The competing systems may have evolved to keep the body's cholesterol levels fine-tuned and to minimize big swings in cholesterol content in normal cells, Dr Horton said. Too much or too little cholesterol can damage or kill cells. He and his colleagues next will try to determine just how the PCSK9 protein degrades the LDL receptors.

Dr Horton said the current study's results also are important because many researchers thought there might be no new ways to exploit the LDL receptor pathway as a means of lowering LDL cholesterol.

"Our research, and that of Dr.

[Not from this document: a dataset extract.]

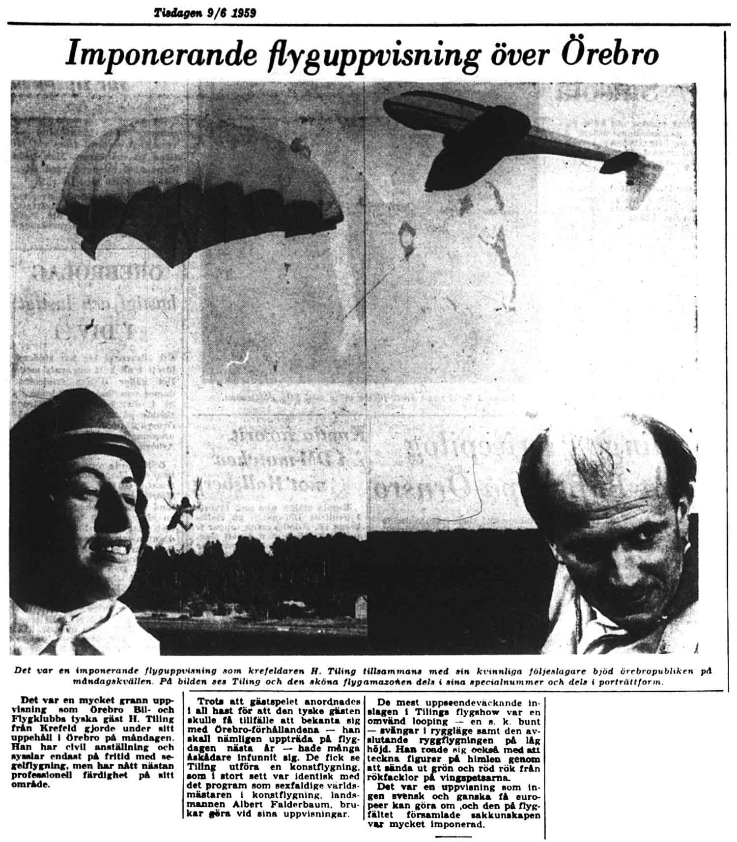 Imponerande flyguppvisning över Örebro igår   [ sid 15 ]Den tyske gästen H Tilling från Krefeld gjorde en imponerande uppvisning i segelflyg på måndagen. Han skulle bara bekanta sig med förhållandena inför en uppvisning nästa år. |

Hobbs and her colleagues, further emphasize the importance of the LDL receptor in cholesterol regulation," Dr. Horton said.

UT Southwestern researchers Dr. Michael Brown, director of the Erik Jonsson Center for Research in Molecular Genetics and Human Disease, and Dr Joseph Goldstein, chairman of molecular genetics, shared the 1985 Nobel Prize in physiology or medicine for their discovery of the LDL receptor.

Other UT Southwestern researchers who participated in the PNAS study were Dr. Shirya Rashid, molecular genetics postdoctoral research fellow; Dr. David Curtis, surgery postdoctoral researcher; Dr. Rita Garuti, visiting senior fellow; Norma Anderson, molecular genetics senior research associate; Drs Yuriy Bashmakov, Young-Ah Moon and Yiu Kee Ho, assistant professors of molecular genetics; and Dr Robert E Hammer, professor of biochemistry.